- [Records from a dataset]:
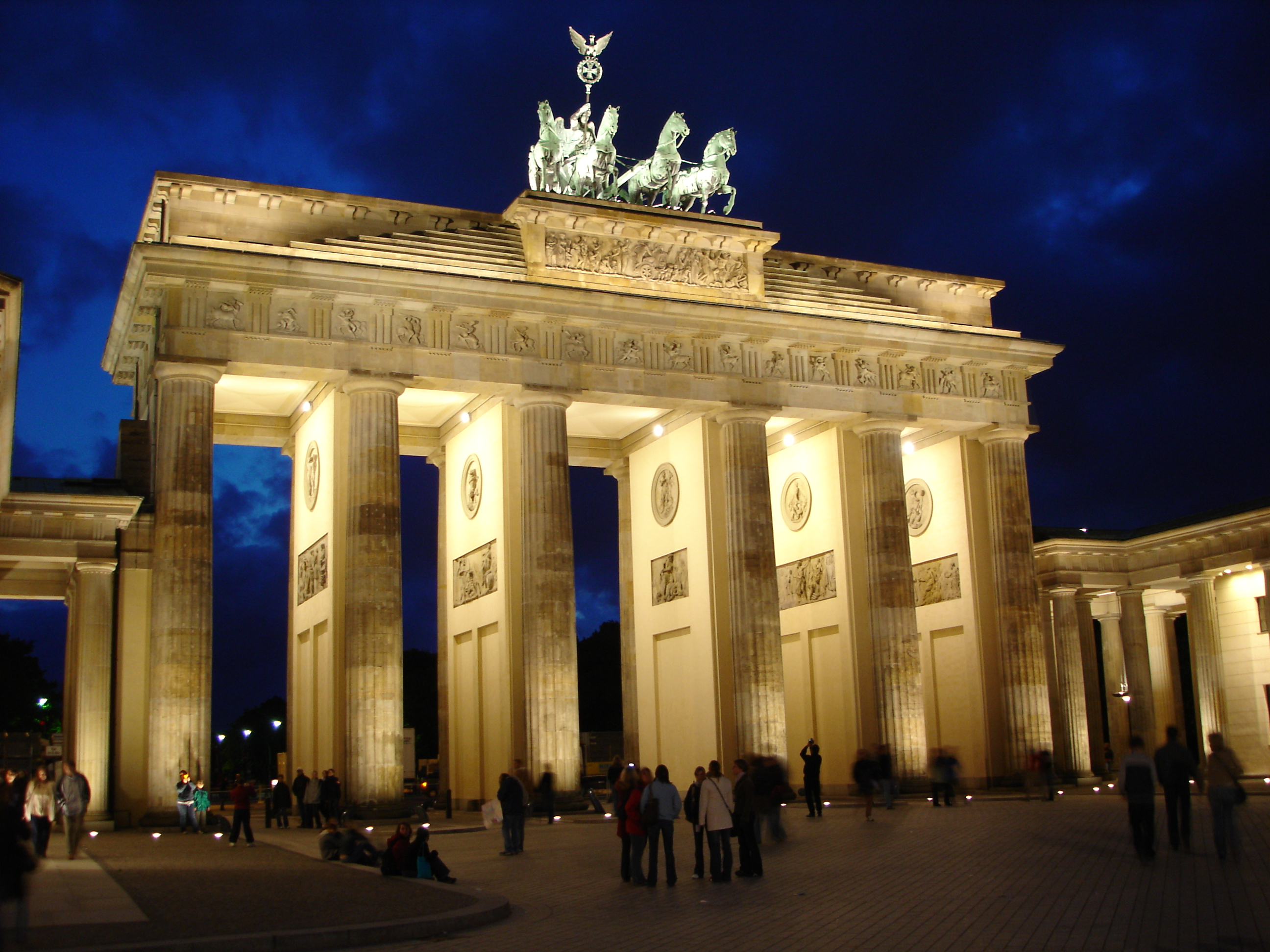 Brandenburger Tor in late dusk
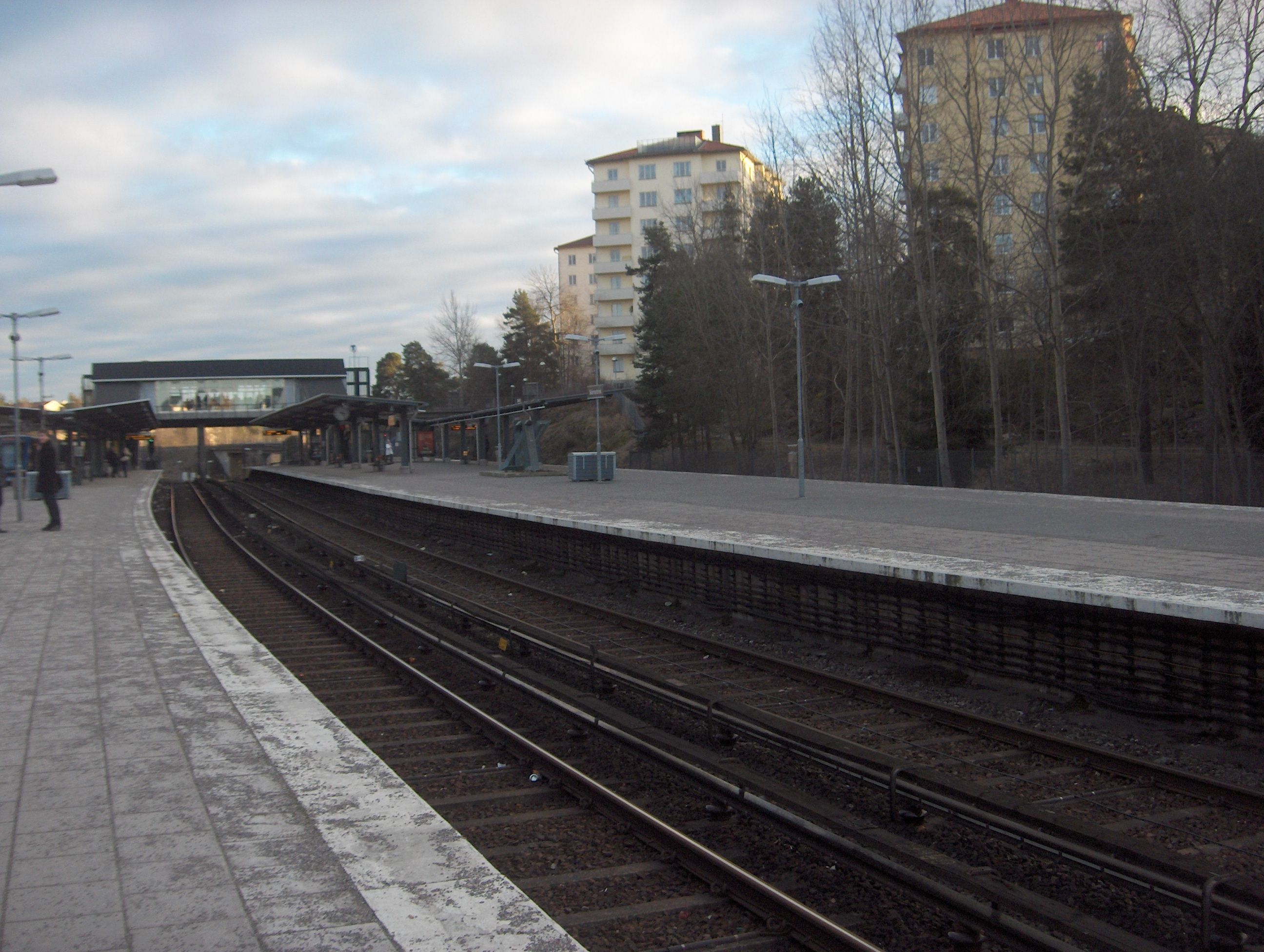 The Stockholm Metro station in Skärmarbrink, photographed by me.
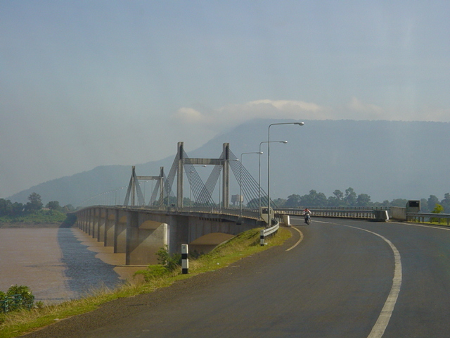 Bridge over the Mekong, Pakse, Laos, 10/2003.
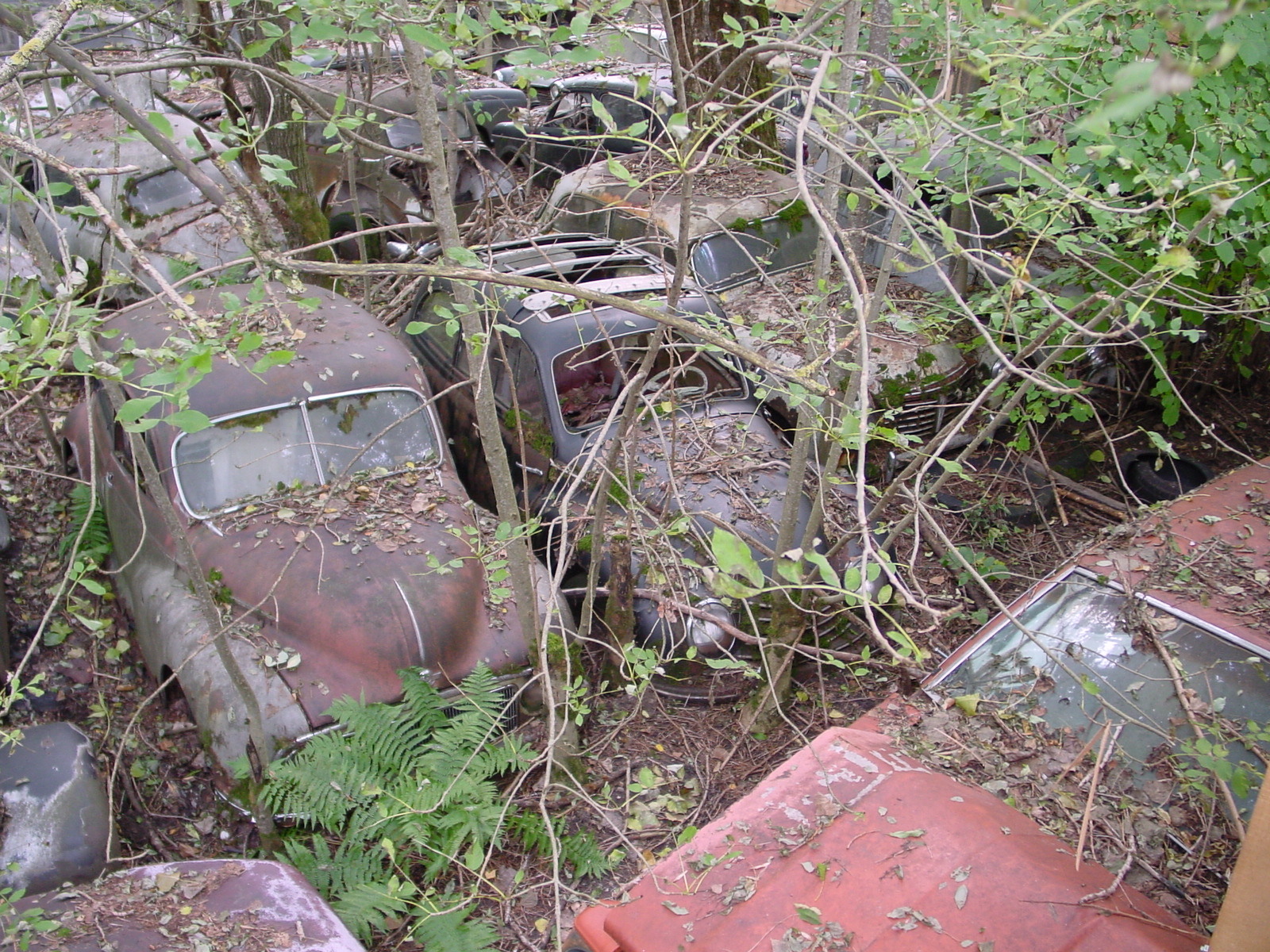 Object at the carjunk in Kaufdorf (Guerbetal) (Switzerland) Cars hidden in the forest.
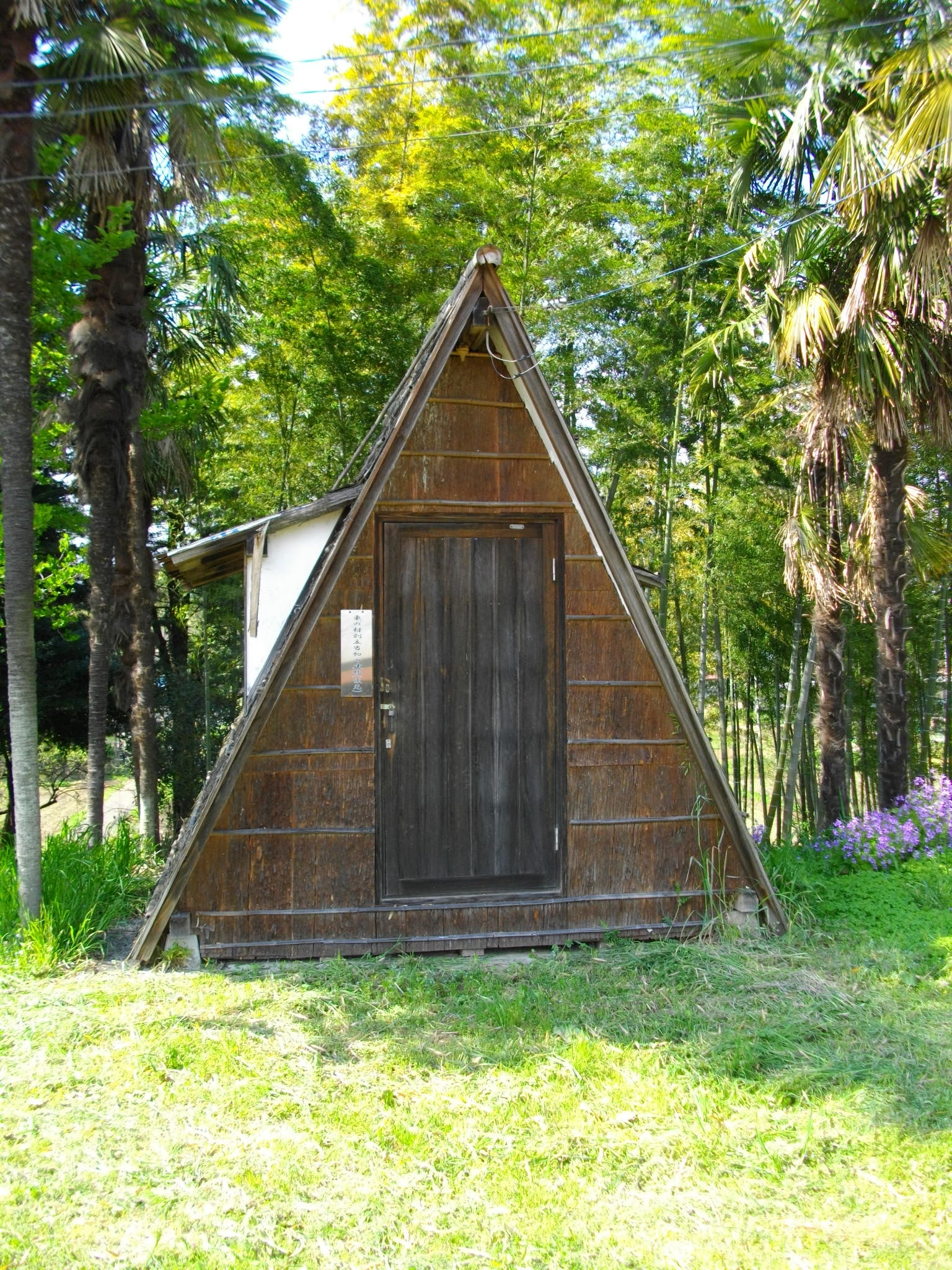 Atarashiki-mura Bungalow

- [EXERCISE DETAILS]:
Your answer is all of the records restated word for word, pictures excluded.

- [ANSWER TO THE EXERCISE]:
 Brandenburger Tor in late dusk
 The Stockholm Metro station in Skärmarbrink, photographed by me.
 Bridge over the Mekong, Pakse, Laos, 10/2003.
 Object at the carjunk in Kaufdorf (Guerbetal) (Switzerland) Cars hidden in the forest.
 Atarashiki-mura Bungalow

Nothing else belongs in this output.